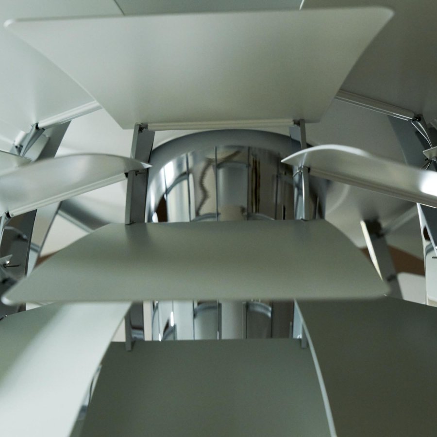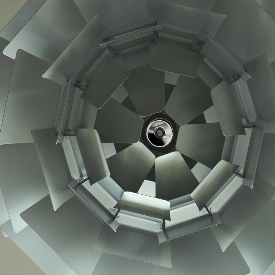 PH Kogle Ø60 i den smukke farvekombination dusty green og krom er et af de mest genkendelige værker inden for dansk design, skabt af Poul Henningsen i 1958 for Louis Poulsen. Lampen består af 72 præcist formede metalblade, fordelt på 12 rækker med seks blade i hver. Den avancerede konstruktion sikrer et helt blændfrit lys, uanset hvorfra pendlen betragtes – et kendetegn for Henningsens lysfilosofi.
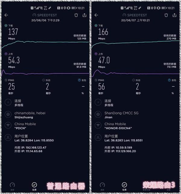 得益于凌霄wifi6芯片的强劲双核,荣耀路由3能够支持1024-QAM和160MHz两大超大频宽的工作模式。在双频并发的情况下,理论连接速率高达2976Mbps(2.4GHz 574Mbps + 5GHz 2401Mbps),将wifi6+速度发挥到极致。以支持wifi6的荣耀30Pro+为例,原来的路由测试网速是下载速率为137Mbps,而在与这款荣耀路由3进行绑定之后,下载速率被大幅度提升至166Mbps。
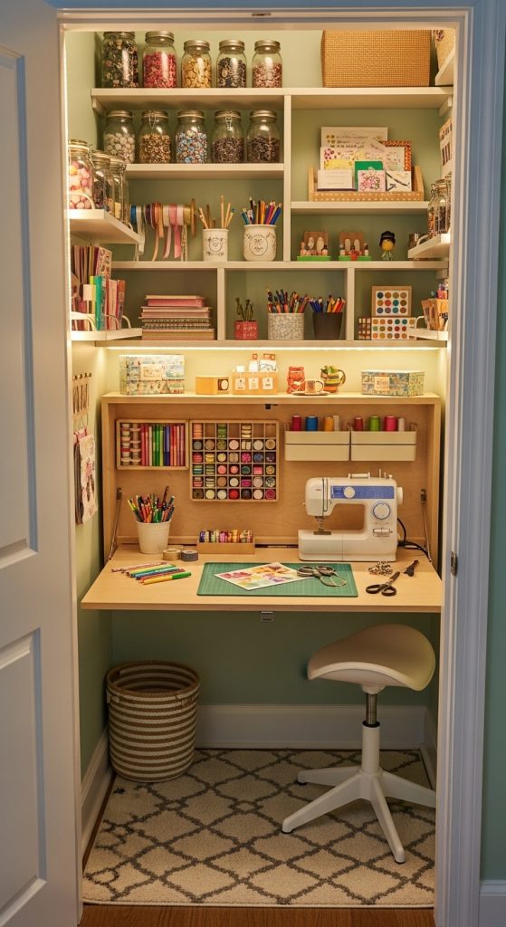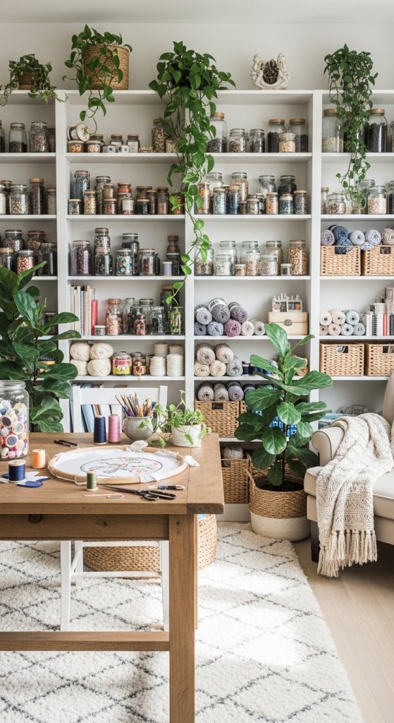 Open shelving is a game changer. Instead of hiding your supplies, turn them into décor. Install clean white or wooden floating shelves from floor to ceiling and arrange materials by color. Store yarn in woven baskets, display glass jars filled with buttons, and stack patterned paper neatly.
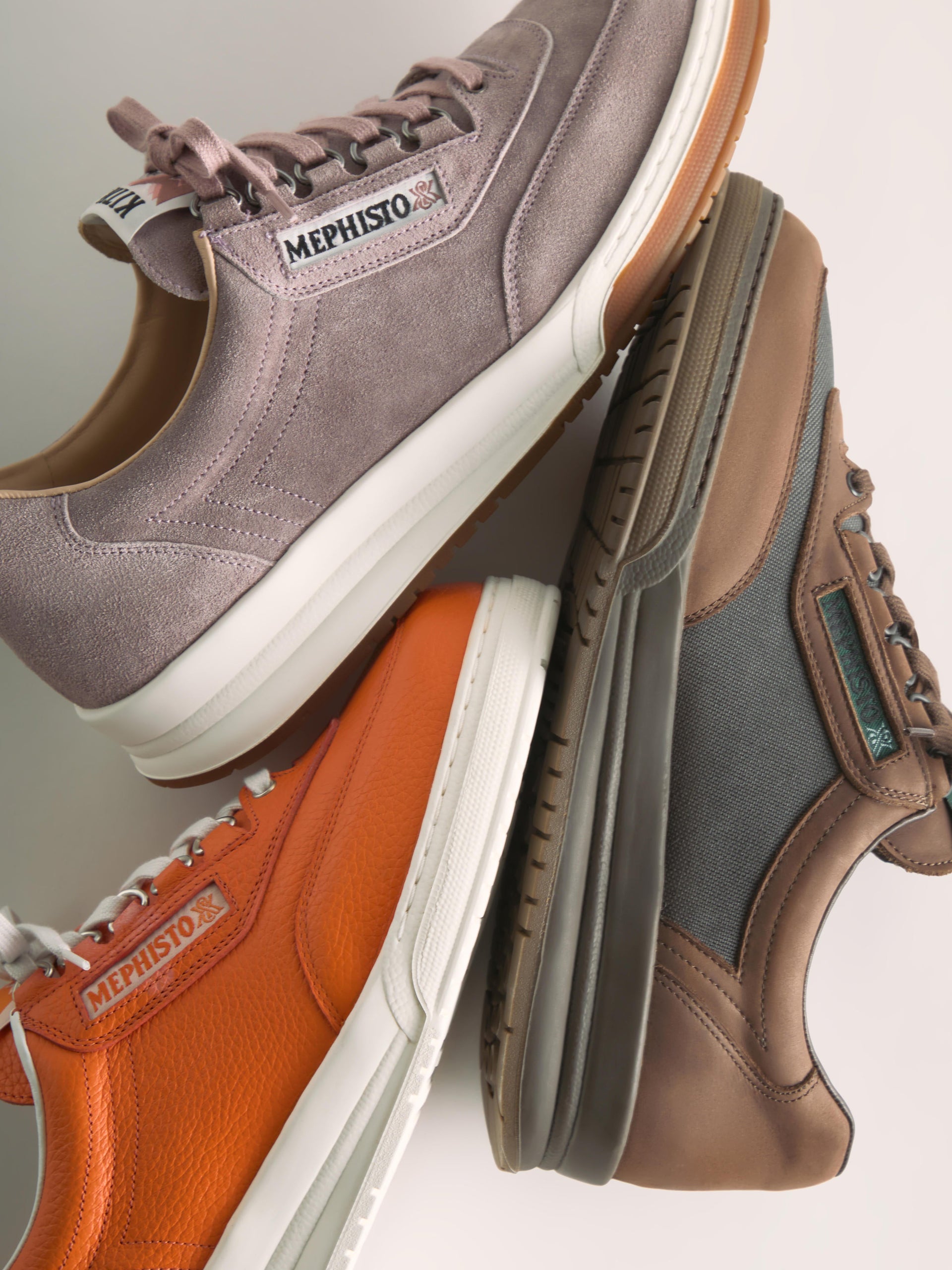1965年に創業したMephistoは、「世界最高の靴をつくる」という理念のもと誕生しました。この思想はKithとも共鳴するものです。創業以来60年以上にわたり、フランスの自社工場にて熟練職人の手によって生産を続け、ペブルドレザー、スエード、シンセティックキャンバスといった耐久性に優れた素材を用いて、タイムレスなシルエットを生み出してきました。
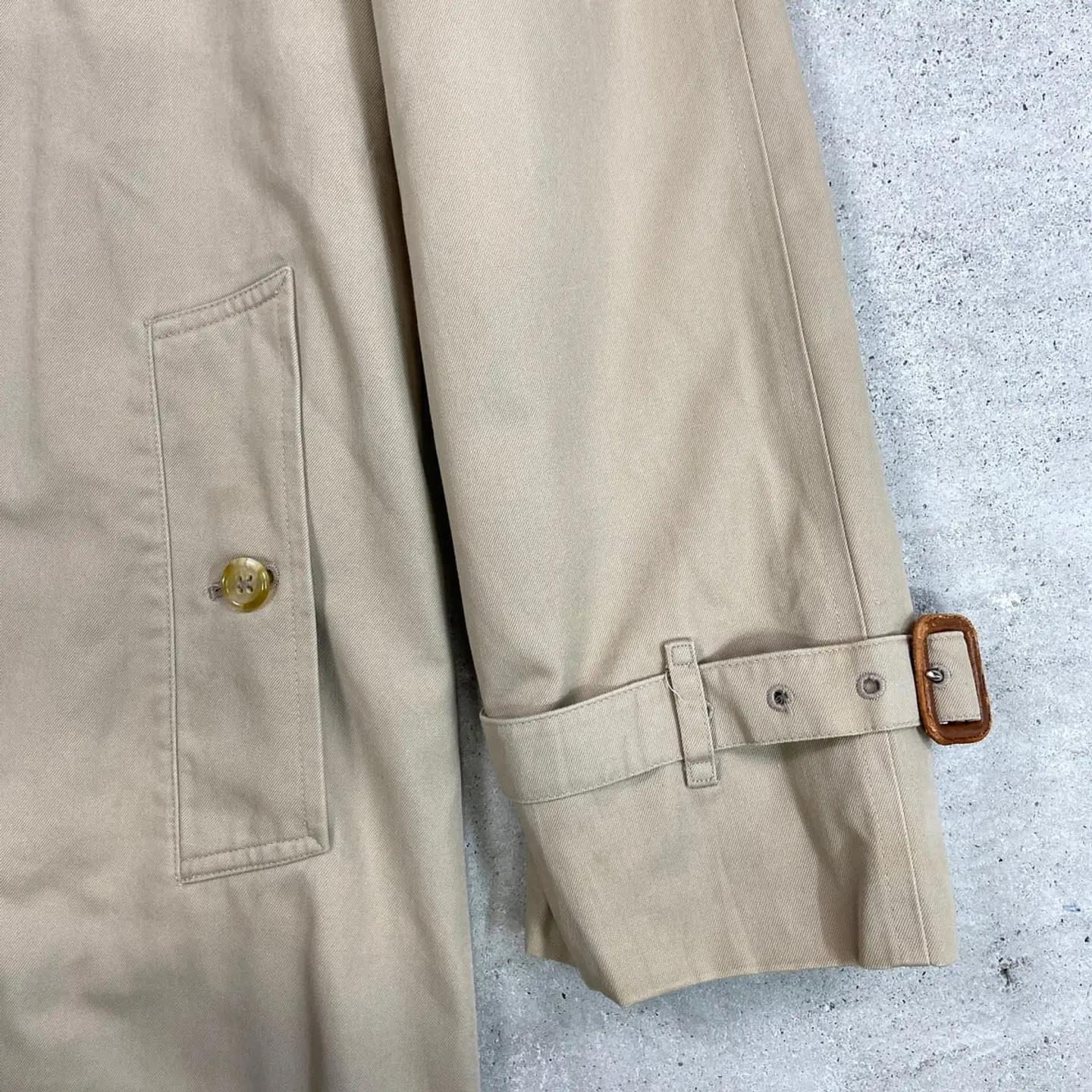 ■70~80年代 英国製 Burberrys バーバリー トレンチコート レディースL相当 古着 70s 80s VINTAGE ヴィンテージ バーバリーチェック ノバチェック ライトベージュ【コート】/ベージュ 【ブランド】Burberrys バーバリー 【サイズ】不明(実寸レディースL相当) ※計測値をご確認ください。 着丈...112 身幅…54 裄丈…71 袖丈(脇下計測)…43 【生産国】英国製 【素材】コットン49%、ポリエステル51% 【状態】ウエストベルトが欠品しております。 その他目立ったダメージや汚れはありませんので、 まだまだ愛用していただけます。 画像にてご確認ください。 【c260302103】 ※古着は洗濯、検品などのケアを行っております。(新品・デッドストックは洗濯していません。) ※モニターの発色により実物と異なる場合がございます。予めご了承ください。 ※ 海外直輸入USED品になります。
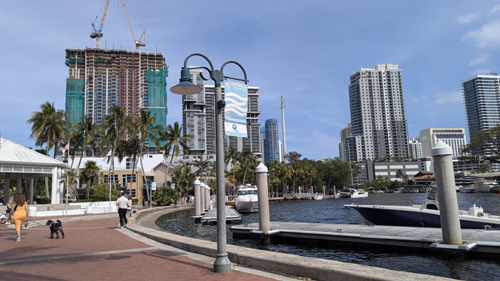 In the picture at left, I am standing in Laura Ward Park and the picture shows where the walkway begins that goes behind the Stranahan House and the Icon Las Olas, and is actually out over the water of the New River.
════════════════
■ Problem requirements ■
The lines from the one containing "英国製 Burberrys バーバリー" up to and including the last line of the material above are to be given again exactly; any pictures are dropped.

■ Exercise output ■
 ■70~80年代 英国製 Burberrys バーバリー トレンチコート レディースL相当 古着 70s 80s VINTAGE ヴィンテージ バーバリーチェック ノバチェック ライトベージュ【コート】/ベージュ 【ブランド】Burberrys バーバリー 【サイズ】不明(実寸レディースL相当) ※計測値をご確認ください。 着丈...112 身幅…54 裄丈…71 袖丈(脇下計測)…43 【生産国】英国製 【素材】コットン49%、ポリエステル51% 【状態】ウエストベルトが欠品しております。 その他目立ったダメージや汚れはありませんので、 まだまだ愛用していただけます。 画像にてご確認ください。 【c260302103】 ※古着は洗濯、検品などのケアを行っております。(新品・デッドストックは洗濯していません。) ※モニターの発色により実物と異なる場合がございます。予めご了承ください。 ※ 海外直輸入USED品になります。
 In the picture at left, I am standing in Laura Ward Park and the picture shows where the walkway begins that goes behind the Stranahan House and the Icon Las Olas, and is actually out over the water of the New River.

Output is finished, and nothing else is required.